- _GOAL OF THE EXERCISE_
Tell me how many lines in the data below hold the string "life", and say nothing else.

- _SUPPLIED RECORDS_
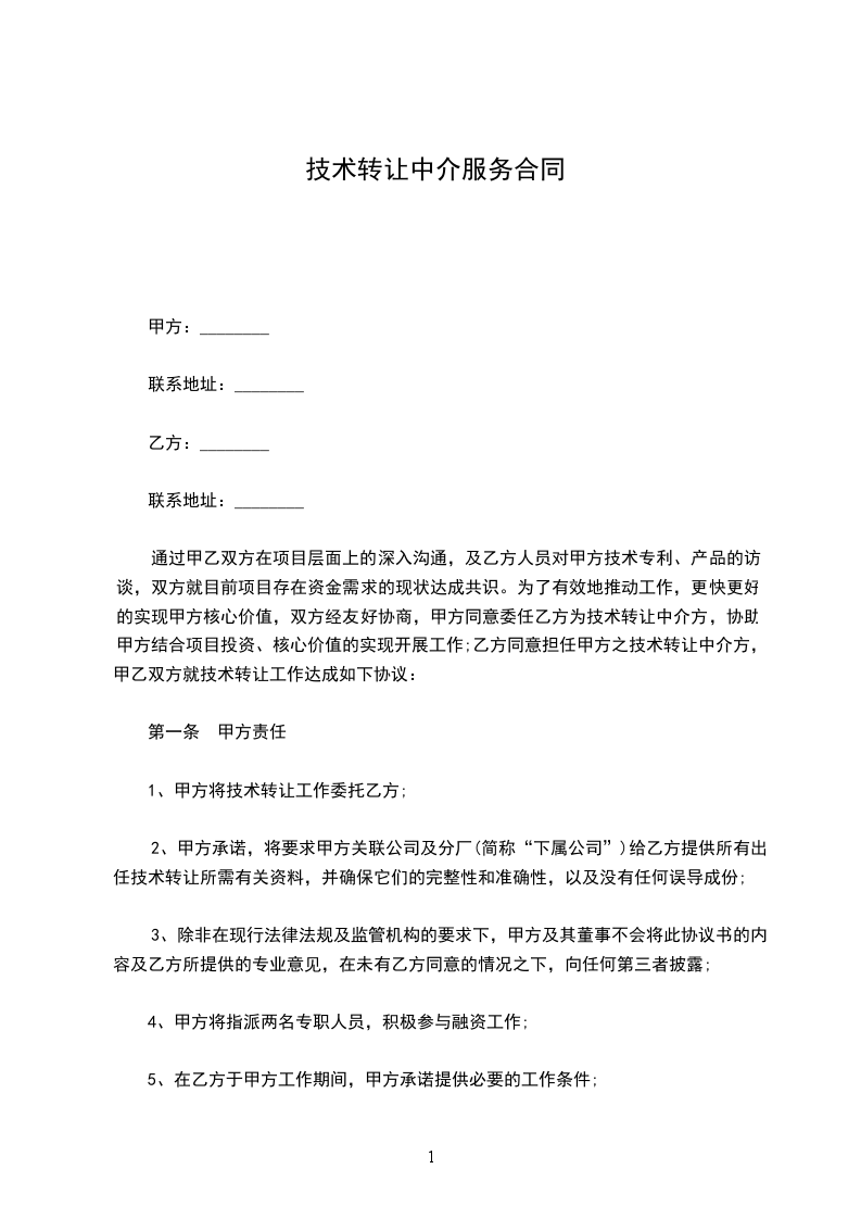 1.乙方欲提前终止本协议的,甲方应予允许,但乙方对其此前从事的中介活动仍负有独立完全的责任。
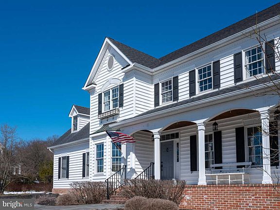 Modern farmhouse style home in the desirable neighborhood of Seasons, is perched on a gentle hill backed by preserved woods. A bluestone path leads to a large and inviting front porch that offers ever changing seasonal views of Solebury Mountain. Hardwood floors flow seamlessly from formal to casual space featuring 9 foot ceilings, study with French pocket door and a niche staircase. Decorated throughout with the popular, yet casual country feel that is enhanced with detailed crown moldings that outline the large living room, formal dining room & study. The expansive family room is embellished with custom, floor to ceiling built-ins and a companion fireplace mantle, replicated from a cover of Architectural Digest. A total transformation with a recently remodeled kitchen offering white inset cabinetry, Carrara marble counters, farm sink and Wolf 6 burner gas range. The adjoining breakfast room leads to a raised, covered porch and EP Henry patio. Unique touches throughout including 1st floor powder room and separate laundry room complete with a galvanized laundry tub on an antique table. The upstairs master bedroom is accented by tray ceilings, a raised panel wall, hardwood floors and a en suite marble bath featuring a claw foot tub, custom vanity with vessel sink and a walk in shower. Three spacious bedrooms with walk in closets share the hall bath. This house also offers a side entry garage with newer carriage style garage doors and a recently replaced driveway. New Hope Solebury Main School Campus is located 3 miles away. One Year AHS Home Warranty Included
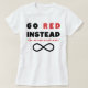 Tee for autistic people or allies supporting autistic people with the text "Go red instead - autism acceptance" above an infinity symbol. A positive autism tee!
--
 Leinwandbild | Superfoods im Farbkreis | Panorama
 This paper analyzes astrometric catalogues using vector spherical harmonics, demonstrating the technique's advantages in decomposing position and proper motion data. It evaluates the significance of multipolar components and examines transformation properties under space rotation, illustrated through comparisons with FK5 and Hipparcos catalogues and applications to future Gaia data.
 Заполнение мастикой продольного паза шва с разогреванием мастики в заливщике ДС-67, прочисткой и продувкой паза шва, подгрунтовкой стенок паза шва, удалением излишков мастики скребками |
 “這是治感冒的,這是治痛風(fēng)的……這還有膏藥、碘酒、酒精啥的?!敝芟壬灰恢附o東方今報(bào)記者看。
==
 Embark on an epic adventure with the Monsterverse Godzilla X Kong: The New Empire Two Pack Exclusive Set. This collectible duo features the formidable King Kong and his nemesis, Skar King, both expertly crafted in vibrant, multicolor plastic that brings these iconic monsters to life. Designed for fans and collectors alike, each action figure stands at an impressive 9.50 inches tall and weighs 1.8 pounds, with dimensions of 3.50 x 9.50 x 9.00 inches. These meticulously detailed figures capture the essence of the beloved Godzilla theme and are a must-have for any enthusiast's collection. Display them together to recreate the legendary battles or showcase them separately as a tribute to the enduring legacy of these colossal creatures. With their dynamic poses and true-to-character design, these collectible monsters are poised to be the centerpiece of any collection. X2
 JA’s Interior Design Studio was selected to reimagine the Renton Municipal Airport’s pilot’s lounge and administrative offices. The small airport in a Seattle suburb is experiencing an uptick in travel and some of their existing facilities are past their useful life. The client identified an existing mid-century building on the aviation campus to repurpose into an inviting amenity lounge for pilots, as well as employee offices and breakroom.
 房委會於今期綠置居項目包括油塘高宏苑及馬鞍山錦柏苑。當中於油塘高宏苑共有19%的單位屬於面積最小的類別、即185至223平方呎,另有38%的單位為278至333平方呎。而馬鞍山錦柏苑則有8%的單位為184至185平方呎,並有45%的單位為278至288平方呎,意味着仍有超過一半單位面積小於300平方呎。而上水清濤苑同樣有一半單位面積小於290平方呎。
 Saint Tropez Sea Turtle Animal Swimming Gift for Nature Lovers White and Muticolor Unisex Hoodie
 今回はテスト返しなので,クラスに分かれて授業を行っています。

- _ANSWER BELOW_
2